Credit Assignment with Resets in Language Model Reasoning
2026-05-25 • Artificial Intelligence
Artificial Intelligence
AI summaryⓘ
The authors discuss a problem in teaching AI language models to solve reasoning tasks step-by-step, where typically the model is rewarded only at the end, making it hard to know which steps led to success or failure. They propose two new methods that allow the model to 'reset' to earlier points in its reasoning and try different paths, helping it figure out and fix the specific mistakes. One method picks random steps to reset, while the other lets the model find the mistake itself and focus learning there. Their experiments show the self-reset approach helps improve reasoning better than previous methods without needing extra guidance.

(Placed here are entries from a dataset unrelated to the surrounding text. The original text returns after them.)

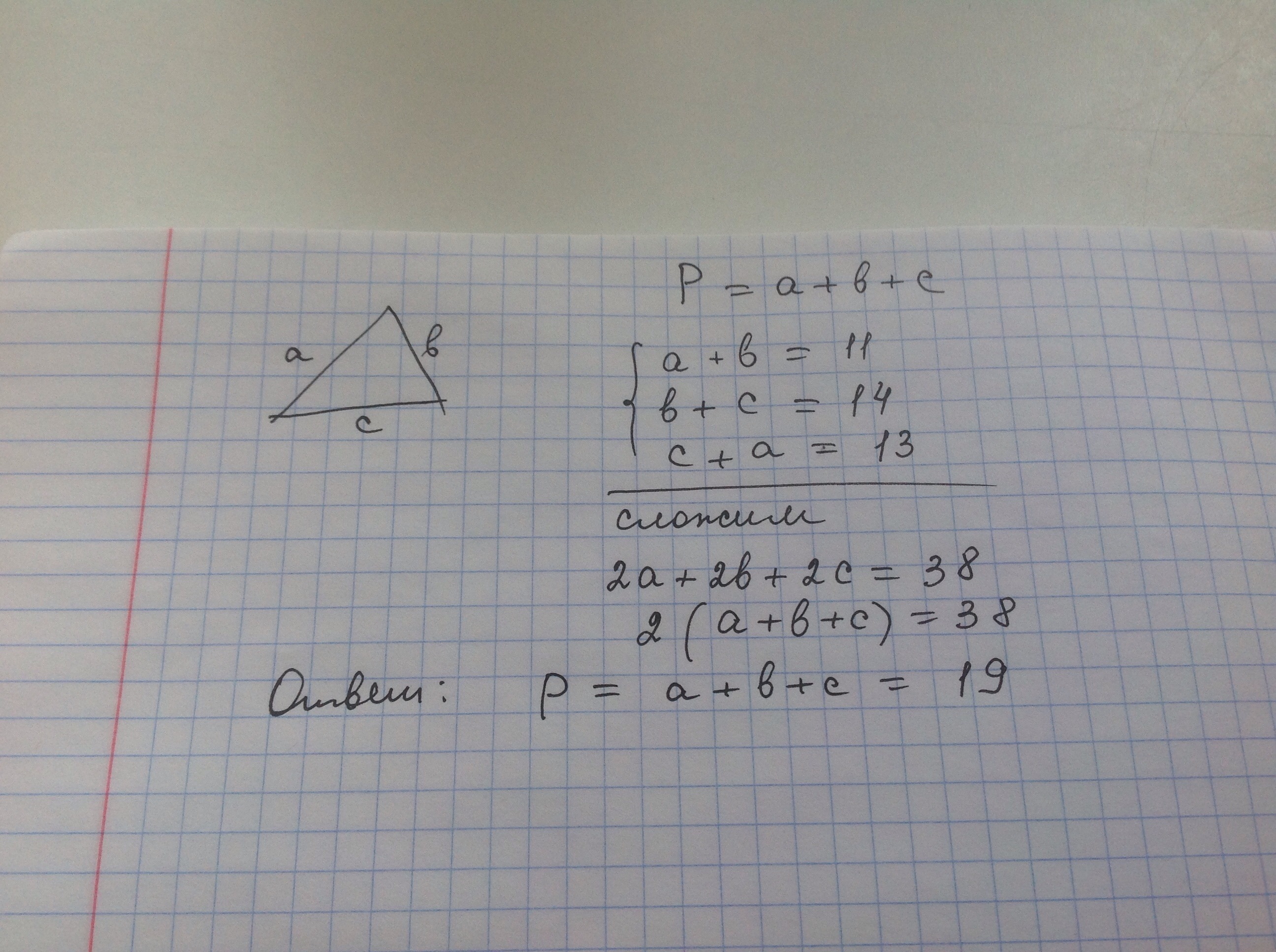 Сумма первой и второй стороны треугольника равна 11 см, второй и третей − 14 см, а третей и первой − 13 см. Найти периметр треугольника.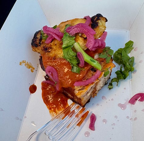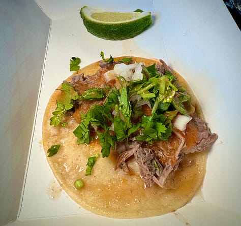 • a lambacoa taco: maybe my favorite bite; it’s basically lamb birria, laced with clove essence in the aftertaste. Trancoso says he steams it versus braising it, like it’s done in his hometown of Aguas Calientes, Mexico.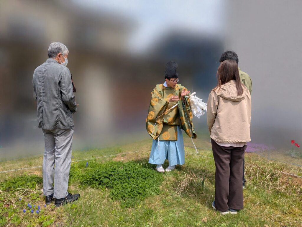 式典では、土地の神様に工事の無事を祈願する「地鎮祭」を執り行いました。Kさま、この度は誠におめでとうございます! 式の中では、土地の四隅を清める「四方払い(しほうはらい)」も行われました。神職がお米や塩を撒き、その土地を清め、これから始まる新しい暮らしを祈願いたします。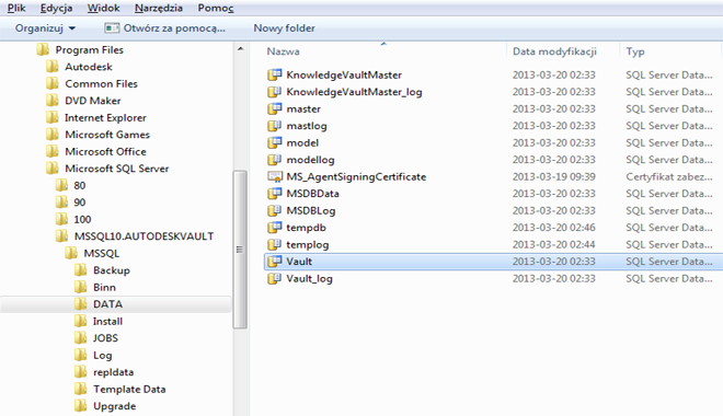 Po zainstalowaniu programu Autodesk Vault zostanie utworzone pojedyncze repozytorium o nazwie Vault. Pliki bazy danych dla repozytorium są tworzone w folderze MSSQL$AUTODESKVAULT\Data, w folderze instalacyjnym programu Microsoft SQL Server.
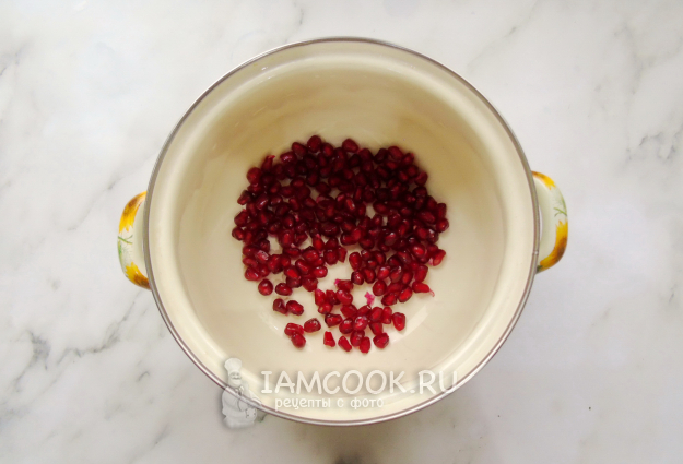 Гранат помойте, разрежьте и достаньте зерна. Выложите в кастрюлю.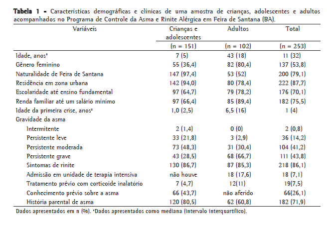 As características demográficas e clínicas da população estão ilustradas na Tabela 1. A amostra foi composta por 253 pacientes (107 crianças, 44 adolescentes e 102 adultos). A frequência de crianças e adolescentes do sexo masculino em relação ao sexo feminino foi de 2,6:1 (63,6% vs. 36,4%), enquanto, nos adultos, essa relação favoreceu o sexo feminino numa proporção de 4:1 (80,4% vs. 19,6%). Escolaridade até o ensino fundamental foi o mais comum nas mães de crianças e adolescentes (64,7%) e entre pacientes adultos com asma (78,2%). A renda familiar mais observada foi de até um salário mínimo (75,5%). Asma grave foi significativamente mais frequente nos adultos (66,7%), e apenas 7,5% da amostra total utilizou corticoide inalatório antes do programa. A coexistência de rinite alérgica e asma ocorreu em 219 pacientes (86,3%), e 139 (63,5%) fizeram uso de medicação para tratamento da rinite (corticoide tópico nasal e/ou anti-histamínico).

reinforcement learningcredit assignmentlanguage modelsmulti-step reasoningpolicy optimizationcounterfactual reasoningtrajectory resetsConservative Policy Iterationreward methodsself-localization
Authors
Ankur Samanta, Akshayaa Magesh, Ayush Jain, Youliang Yu, Daniel Jiang, Kavosh Asadi, Daniel Jiang, Kaveh Hassani, Paul Sajda, Jalaj Bhandari, Yonathan Efroni
Abstract
Contemporary reinforcement learning with verifiable reward methods post-train language models on multi-step reasoning by assigning a single outcome reward uniformly across all tokens in a trajectory. Such uniform assignment ignores which steps contributed to success or failure. Improving credit assignment can address this limitation by enabling targeted refinement of faulty reasoning steps, rather than updating entire trajectories uniformly. Resets are one such simple mechanism, enabling more precise credit assignment by returning to an intermediate state and resampling counterfactual continuations, so that outcome differences can be attributed to decisions made at that point. We propose two such methods: Random-Reset Policy Optimization (RRPO), where reset states are drawn randomly from reasoning steps, and Self-Reset Policy Optimization (SRPO), where the model self-localizes the erroneous step in an incorrect trajectory and resets there. We analyze these methods within the Conservative Policy Iteration (CPI) framework. Extending CPI with a credit-assignment oracle that targets improvable states yields provable improvements over random resets. Across models and reasoning benchmarks, SRPO consistently outperforms standard GRPO and RRPO by sampling multiple suffix continuations at a self-localized reset and learning from their rewards, using only the model itself with no external supervision.